Large sieve inequalities are a fundamental tool used to investigate prime numbers and exponential sums. I will explain my work that resolves a 1978 conjecture of S. Patterson (conditional on the Generalized Riemann hypothesis) concerning the bias of cubic Gauss sums. This explains a well-known numerical bias first observed by Kummer in 1846. One important byproduct of my work is a proof that

Heath-Brown's famous cubic large sieve is sharp, contrary to popular belief.  This sheds light on some of the mysteries surrounding large sieve inequalities for certain families of arithmetic harmonics and gives strong clues on where to look next for further progress. This is based on joint work with Maksym Radziwill.
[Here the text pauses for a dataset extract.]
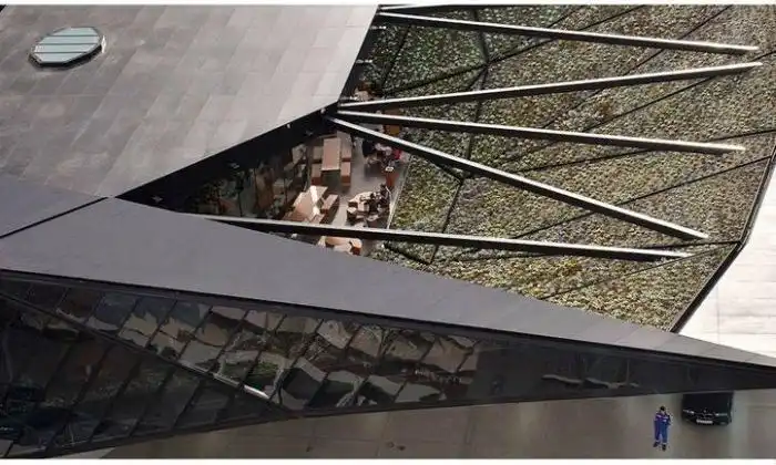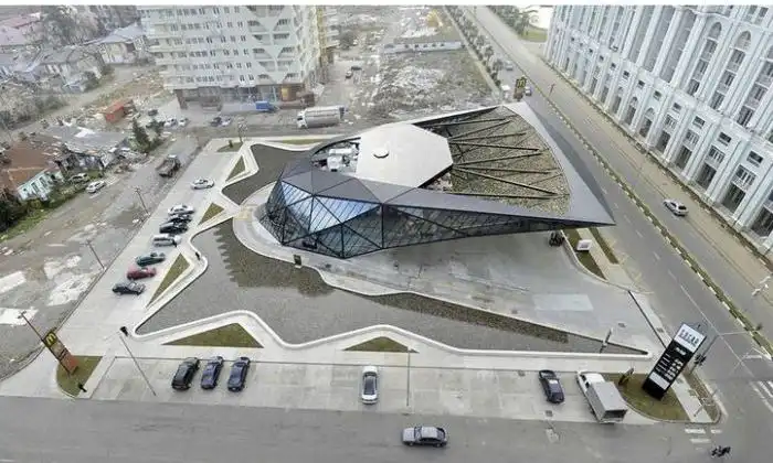 Здание построено недавно в своеобразном футуристическом стиле.

### Randomness in Ramsey theory and coding theory

Series
Job Candidate Talk
Time
Tuesday, January 17, 2023 - 11:00 for 1 hour (actually 50 minutes)
Location
Skiles 006
Speaker
Xiaoyu HePrinceton University

Two of the most influential theorems in discrete mathematics state, respectively, that diagonal Ramsey numbers grow exponentially and that error-correcting codes for noisy channels exist up to the information limit. The former, proved by Erdős in 1947 using random graphs, led to the development of the probabilistic method in combinatorics. The latter, proved by Shannon in 1948 using random codes, is one of the founding results of coding theory. Since then, the probabilistic method has been a cornerstone in the development of both Ramsey theory and coding theory. In this talk, we highlight a few important applications of the probabilistic method in these two parallel but interconnected worlds. We then present new results on Ramsey numbers of graphs and hypergraphs and codes correcting deletion errors, all based on probabilistic ideas.
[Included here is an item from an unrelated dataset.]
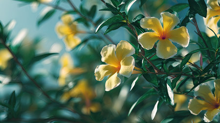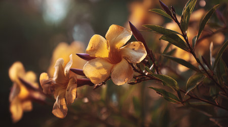 The Allamanda at dawn, soft golden sunlight kissing leaves, clean air, natural color tone.

### Stochastic partial differential equations in supercritical, subcritical, and critical dimensions

Series
Job Candidate Talk
Time
Friday, January 13, 2023 - 11:05 for 1 hour (actually 50 minutes)
Location
Skiles 006
Speaker
Alexander DunlapCourant Institute, NYU

A pervading question in the study of stochastic PDE is how small-scale random forcing in an equation combines to create nontrivial statistical behavior on large spatial and temporal scales. I will discuss recent progress on this topic for several related stochastic PDEs - stochastic heat, KPZ, and Burgers equations - and some of their generalizations. These equations are (conjecturally) universal models of physical processes such as a polymer in a random environment, the growth of a random interface, branching Brownian motion, and the voter model. The large-scale behavior of solutions on large scales is complex, and in particular depends qualitatively on the dimension of the space. I will describe the phenomenology, and then describe several results and challenging problems on invariant measures, growth exponents, and limiting distributions.